The influence of pre-treatment time and sulfuric acid on cellulose nanocrystals

Abstract

Cellulose nanocrystals (CNCs) were produced with different pre-mixing times between the cotton fiber and the sulfuric acid at room temperature, prior to the reaction at 45 °C. The CNC0 and CNC60 films were prepared using vacuum filtration methods. Based on transmission electron microscopy observations, the dimension and yield of CNCs gradually decreased with increasing pre-mixing time. Considering the balance of yield and quality of CNCs, CNC0 was chosen as the optimal product. The synthetic process played an important role in the production of CNCs. Various CNCs had similar crystallinity index values with the increased pre-mixing time. The decreased contact angle was the result of decreased dimensions of CNCs or the additional sulfate group at the surface of the CNCs.
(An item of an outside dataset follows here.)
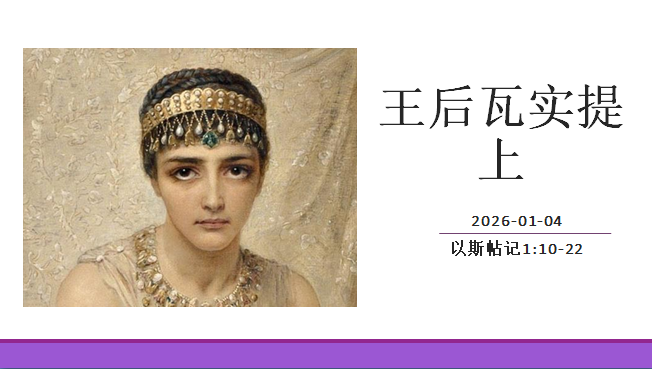 最后,七次命令。“请王后瓦实提头戴王后的冠冕到王面前,使各等臣民看她的美貌,因为她容貌甚美”。这是亚哈随鲁王吩咐他的七个太监的命令内容。七个太监也意味着七次命令。也就是说,这一命令被传达了七次。数字“七”表示完全,意味着亚哈随鲁王务必要见到王后瓦实提的决心。我们将详细来看:第一,请王后瓦实提。这至少强调两个事实:一是,这命令是给瓦实提的。二是,“请”的原文乃是“带”,并没有“客气,尊敬”的意思。换言之,王的命令是:“你去把王后带来”。第二,“头戴王后的冠冕”,这是对王后瓦实提的衣着要求。只是有一个问题给大家思考,瓦实提既是王后,为何还要强调佩戴王后的冠冕呢?王后难道不是佩戴着王后冠冕的人吗?这是我的个人领受,两大原因,供大家参考:一是,表示强调,瓦实提必须佩带王后的冠冕,才能与王后的身份相匹配。二是,因为王后瓦实提容貌甚美,戴上王后冠冕便是锦上添花,更加完美,更加美貌。第三,到王面前。王后瓦实提将要戴着王后的冠冕站在亚哈随鲁王的面前。这一幕便是亚哈随鲁王虚荣心、悦人眼目的驱使与试探。“站在王面前”前后呼应王定于一尊,人前演神。第四,使各等臣民看她的美貌。王后瓦实提成为众人围观的对象,成为别人的“悦人眼目”。“各等臣民”不仅指向来自波斯玛代的首领和贵胄,更是指所有住在苏珊城的大小人民,甚至指向所有的波斯帝国的人民。第五,因为她容貌甚美。王后瓦实提是一位美女,这是毋庸置疑的。美丽的王后瓦实提,从这个角度也可指向或平行与基督的教会或新妇,后者也是美丽圣洁的妇人,如经上所记:2我为你们起的愤恨,原是神那样的愤恨,因为我曾把你们许配一个丈夫,要把你们如同贞洁的童女献给基督;(哥林多后书11:2)。6我听见好像群众的声音,众水的声音,大雷的声音,说:“哈利路亚!因为主我们的神,全能者作王了。”7我们要欢喜快乐,将荣耀归给他。因为羔羊婚娶的时候到了,新妇也自己预备好了,8就蒙恩得穿光明洁白的细麻衣。这细麻衣就是圣徒所行的义。(启示录19:6-8)。2我又看见圣城新耶路撒冷由神那里从天而降,预备好了,就如新妇妆饰整齐,等候丈夫。(启示录21:2)。9拿着七个金碗、盛满末后七灾的七位天使中,有一位来对我说:“你到这里来,我要将新妇,就是羔羊的妻,指给你看。”10我被圣灵感动,天使就带我到一座高大的山,将那由神那里从天而降的圣城耶路撒冷指示我,11城中有神的荣耀。城的光辉如同极贵的宝石,好像碧玉,明如水晶。(启示录21:9-11)。

Both thermogravimetric and contact angle analysis are sensitive for the constituents of CNCs.

Full Article

The Influence of Pre-treatment Time and Sulfuric Acid on Cellulose Nanocrystals

Ya-Yu Li,^a,b,c Bin Wang,^a Ming-Guo Ma,^a,* and Bo Wang ^a

Cellulose nanocrystals (CNCs) were produced with different pre-mixing times between the cotton fiber and the sulfuric acid at room temperature, prior to the reaction at 45 °C. The CNC0 and CNC60 films were prepared using vacuum filtration methods. Based on transmission electron microscopy observations, the dimension and yield of CNCs gradually decreased with increasing pre-mixing time. Considering the balance of yield and quality of CNCs, CNC0 was chosen as the optimal product. The synthetic process played an important role in the production of CNCs. Various CNCs had similar crystallinity index values with the increased pre-mixing time. The decreased contact angle was the result of decreased dimensions of CNCs or the additional sulfate group at the surface of the CNCs. Both thermogravimetric and contact angle analysis are sensitive for the constituents of CNCs.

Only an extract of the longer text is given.